- **What this task involves**
From the records below, output exactly the lines running from the line containing "VS-62H to wysokiej" through the line containing "シンプルなルールで奥深い読み合いを味わえる、リプレイ性抜群のカードゲームです。", and no others.

- **Dataset entries**
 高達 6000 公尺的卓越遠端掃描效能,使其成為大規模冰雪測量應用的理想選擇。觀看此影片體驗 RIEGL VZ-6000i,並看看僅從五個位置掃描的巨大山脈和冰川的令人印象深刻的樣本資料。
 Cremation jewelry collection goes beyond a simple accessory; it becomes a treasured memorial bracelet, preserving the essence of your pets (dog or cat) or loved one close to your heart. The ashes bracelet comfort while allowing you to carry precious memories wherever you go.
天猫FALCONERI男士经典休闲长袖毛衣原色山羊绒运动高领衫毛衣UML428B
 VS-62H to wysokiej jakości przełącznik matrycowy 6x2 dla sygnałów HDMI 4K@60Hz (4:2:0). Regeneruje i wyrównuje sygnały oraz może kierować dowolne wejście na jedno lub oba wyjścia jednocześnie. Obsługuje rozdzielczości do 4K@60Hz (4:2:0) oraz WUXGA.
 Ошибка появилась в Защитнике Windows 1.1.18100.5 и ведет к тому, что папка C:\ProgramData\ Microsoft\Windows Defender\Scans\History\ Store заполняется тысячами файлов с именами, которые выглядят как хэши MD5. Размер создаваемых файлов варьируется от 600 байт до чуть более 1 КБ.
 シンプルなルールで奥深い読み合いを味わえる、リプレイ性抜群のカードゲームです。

* * *

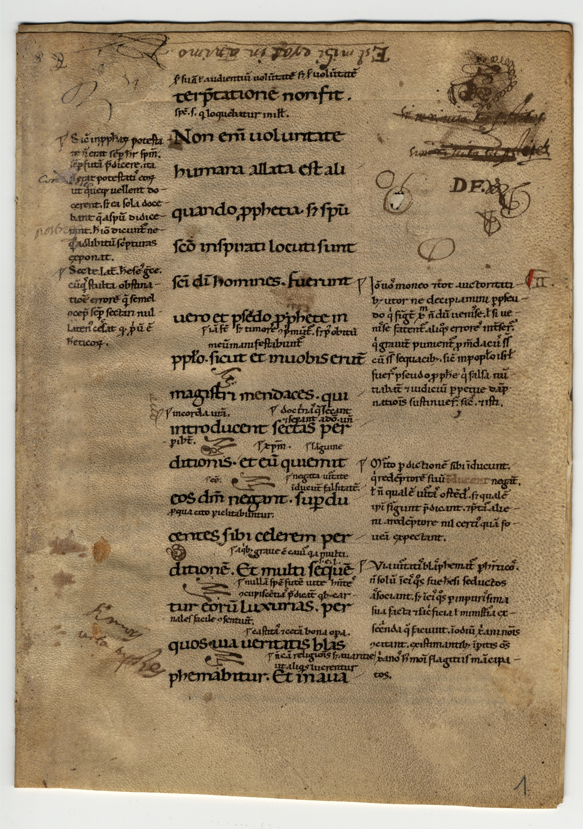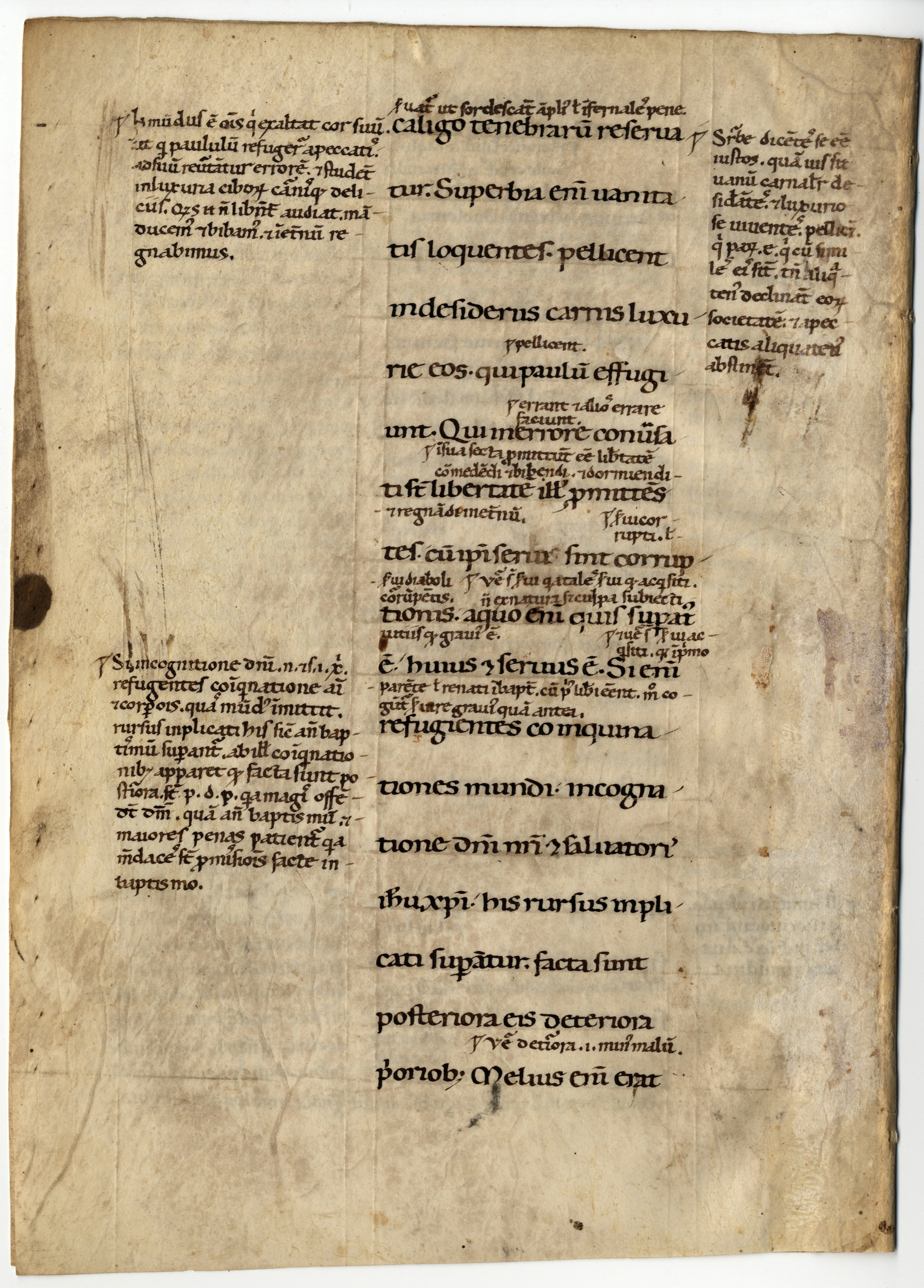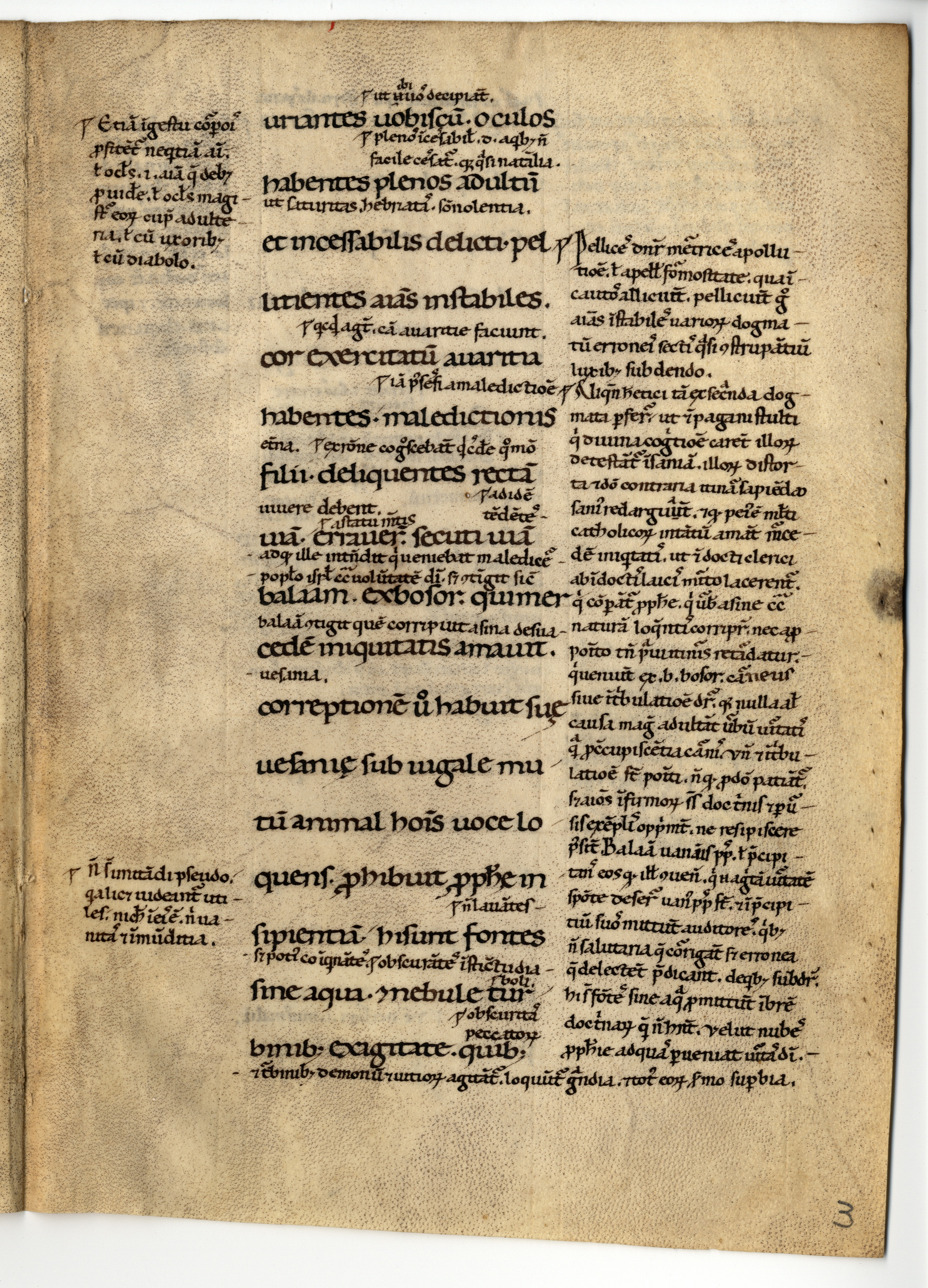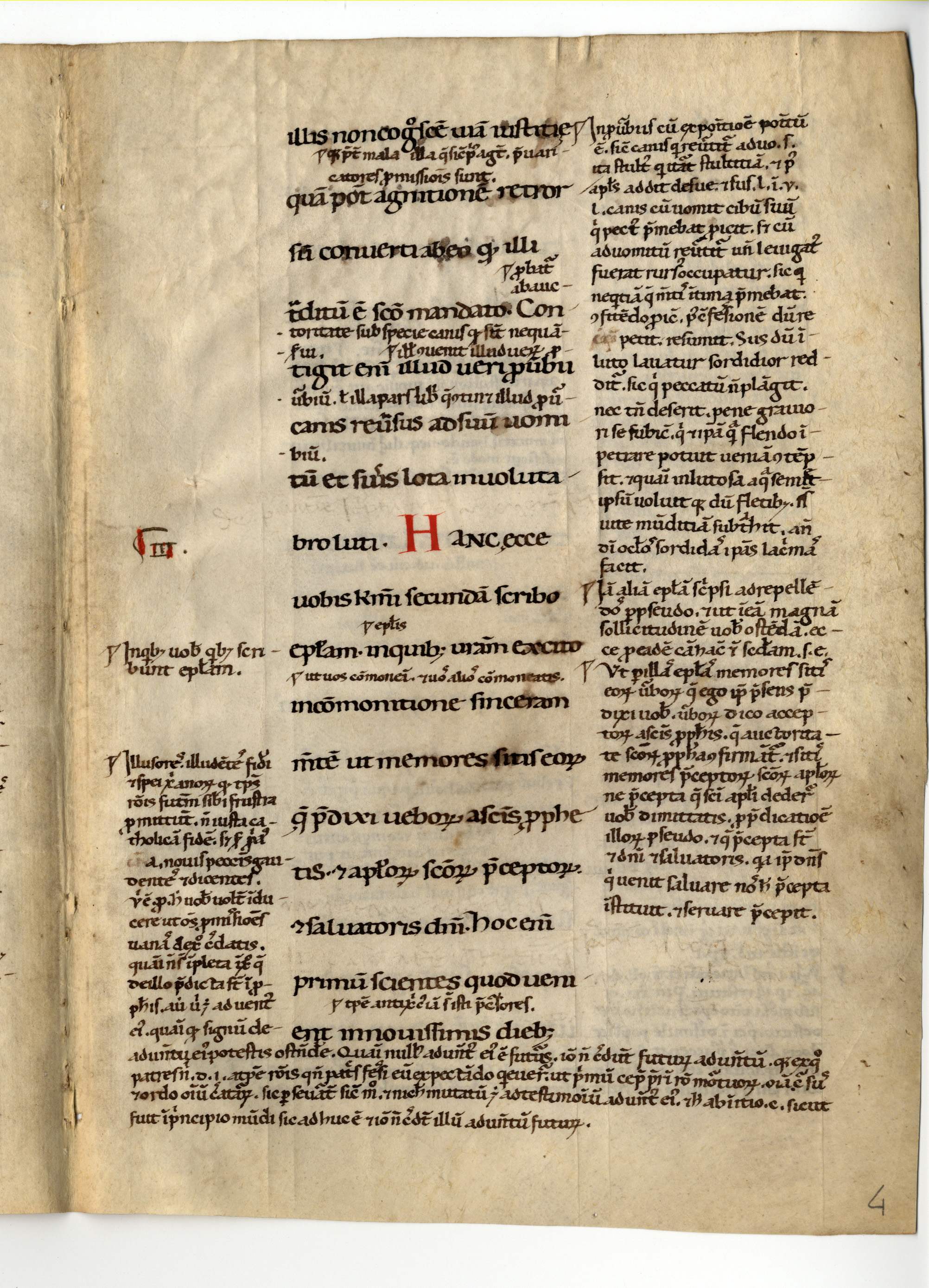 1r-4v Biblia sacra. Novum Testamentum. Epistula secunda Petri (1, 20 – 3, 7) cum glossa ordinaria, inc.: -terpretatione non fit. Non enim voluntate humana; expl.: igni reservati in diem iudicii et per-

- **Response**
 VS-62H to wysokiej jakości przełącznik matrycowy 6x2 dla sygnałów HDMI 4K@60Hz (4:2:0). Regeneruje i wyrównuje sygnały oraz może kierować dowolne wejście na jedno lub oba wyjścia jednocześnie. Obsługuje rozdzielczości do 4K@60Hz (4:2:0) oraz WUXGA.
 Ошибка появилась в Защитнике Windows 1.1.18100.5 и ведет к тому, что папка C:\ProgramData\ Microsoft\Windows Defender\Scans\History\ Store заполняется тысячами файлов с именами, которые выглядят как хэши MD5. Размер создаваемых файлов варьируется от 600 байт до чуть более 1 КБ.
 シンプルなルールで奥深い読み合いを味わえる、リプレイ性抜群のカードゲームです。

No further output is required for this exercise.